Impact of heart failure and other comorbidities on mortality in patients with chronic obstructive pulmonary disease: a register-based, prospective cohort study

Elzbieta Kaszuba 1,2,, Håkan Odeberg 2, Lennart Råstam 2, Anders Halling 2
PMCID: PMC6260666  PMID: 30474547

Abstract

Background

Multimorbidity has already become common in primary care and will be a challenge in the future. Primary care in Sweden participates to a great extent in the care of patients with two severe, chronic conditions: chronic obstructive pulmonary disease (COPD) and heart failure. Both conditions are characterized by high mortality and often coexist. Age, sex, heart failure and other comorbidities are considered to be the major predictors of mortality in patients with COPD. We aimed to study the impact of heart failure, other comorbidities, age and sex on mortality in patients with COPD.

Methods

A register-based, prospective cohort study conducted in Blekinge County in Sweden with about 150,000 inhabitants. The study population was comprised of people aged ≥35 years. The data about diagnoses of COPD and heart failure came from the 2007 health care register, in which we found 984 individuals with a diagnosis of COPD. Date of death was collected from January 1st, 2008 –August 31st, 2015. The diagnosis-based Adjusted Clinical Groups (ACG) Case-Mix System 7.1 was used to describe comorbidity. Each individual was assigned one of six comorbidity levels called resource utilization bands (RUB) graded from 0 to 5.

Results

Estimated eight year mortality in patients with COPD and coexisting heart failure was seven times higher than in patients with COPD alone - odds ratio 7.06 (95% CI 3.88–12.84). Adjusting for age and male sex resulted in odds ratio 3.75 (95% CI 1.97–7.15). Further adjusting for other comorbidities resulted in odds ratio 3.26 (95% CI 1.70–6.25).

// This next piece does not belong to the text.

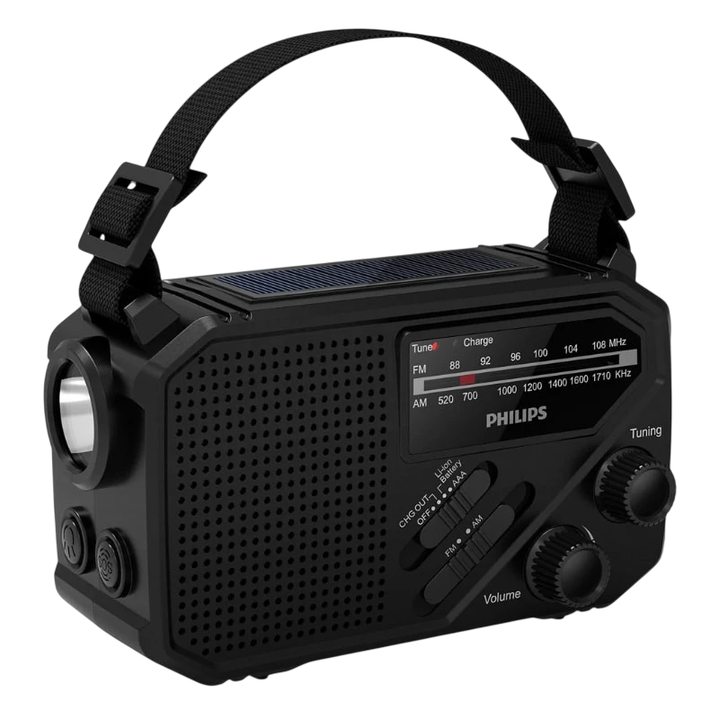 Face à Sony ICF-B99 (60–90 mW, 385 g), a Philips oferece quase o dobro da potência de áudio e acrescenta conector USB-C, embora a Sony inclua bússola e apito. Em comparação com a Eton FRX3+ (2600 mAh, NOAA), a TAR1609/00 é cerca de 35% mais leve e mais acessível, embora não disponha de banda meteorológica. Relativamente à antiga Philips TAR1506, aumenta a potência de 0,1 W para 1 W e acrescenta lanterna e carregamento solar. Os seus pontos a melhorar são a ausência de Bluetooth e a potência limitada para grandes grupos, mas para campismo, kits de emergência ou trabalhos ao ar livre oferece um equilíbrio convincente entre funcionalidades, autonomia e portabilidade.

The mortality was strongly associated with the highest comorbidity level – RUB 5 where the odds ratio was 5.19 (95% CI 2.59–10.38).

Conclusion

Heart failure has an important impact on mortality in patients with COPD. The mortality in patients with COPD and coexisting heart failure was strongly associated with age, male sex and other comorbidities. Of those three predictors, only other comorbidities can be influenced. Heart failure and other comorbidities should be recognized early and properly treated in order to improve survival in patients with coexisting COPD and heart failure.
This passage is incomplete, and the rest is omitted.